Triacanthus nieuhofii, the silver tripodfish, is a species of marine ray-finned fish belonging to the family Triacanthidae, the triplespines or tripodfishes. This species is found in the Indo-West Pacific region.

==Taxonomy==
Triacanthus nieuhofii was first formally described in 1852 by the Dutch physician, herpetologist and ichthyologist Pieter Bleeker with its type locality given as Siboga, west of Sumatra. It was the second specuies to be described within the genus Triacanthus, the first was the type speciesT. biaculeatus. This genus is classified in the family Triacanthidae within the suborder Triacanthoidei alongside the Triacanthodidae. The 5th edition of Fishes of the World classifies the Triacanthoidei as suborder of the order Tetraodontiformes.

== Etymology ==
Triacanthus nieuhofii is classified within the genus Triacanthus, a name that prefixes acanthus, which means “thorn” or “spine”, with tri-, meaning “three”, this is an allusion to the long and robust first spine of the dorsal fin and the two large spines in the pelvic fins. The specific name, honours Johan Nieuhof, the Dutch explorer and sinologist who first described and illustrated this species, calling it Hoornvisch.

==Description==
Triacanthus nieuhofii has six spines in the first dorsal fin and between 22 and 26 soft rays in the second dorsal fin and between 18 and 21 soft rays in the anal fin.
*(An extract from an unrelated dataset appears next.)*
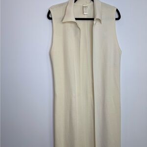 Vintage Rodier off white wool blend minimalist long slits sleeveless cardigan

The dorsal profile of the head is rather convex to the front of the first spine in the dorsal fin. The pelvis does not clearly taper to a point towards the tail. It is pale silvery brown on the upper body, fading to silvery white on the lower body, there are a number of irregularly shaped dark yellow blotches on the flank and a large blackish blotch between the first two spines if the dorsal fin which pales slightly between the second and third spines. The firs spine in the dorsal fin is white and the soft dorsal fin, anal fin and pectoral fins are pale with the caudal fin being white marked with yellow lines. This species has a maximum published total length of 28 cm>

==Distribution and habitat==
Triacanthus nieufofii is found in the Indian Ocean and the Western Pacific Ocean where it has been recorded from the Arabian Sea, Bay of Bengal, Andaman Sea, Indonesia and the South China Sea. It is also found in northern Australia where it occurs from Broome to Admiralty Gulf in Western Australia, it may also occur in the Northern Territory. The silver tripodfish is found on sand or mud flats along coasts and in estuaries where it feeds on benthic invertebrates.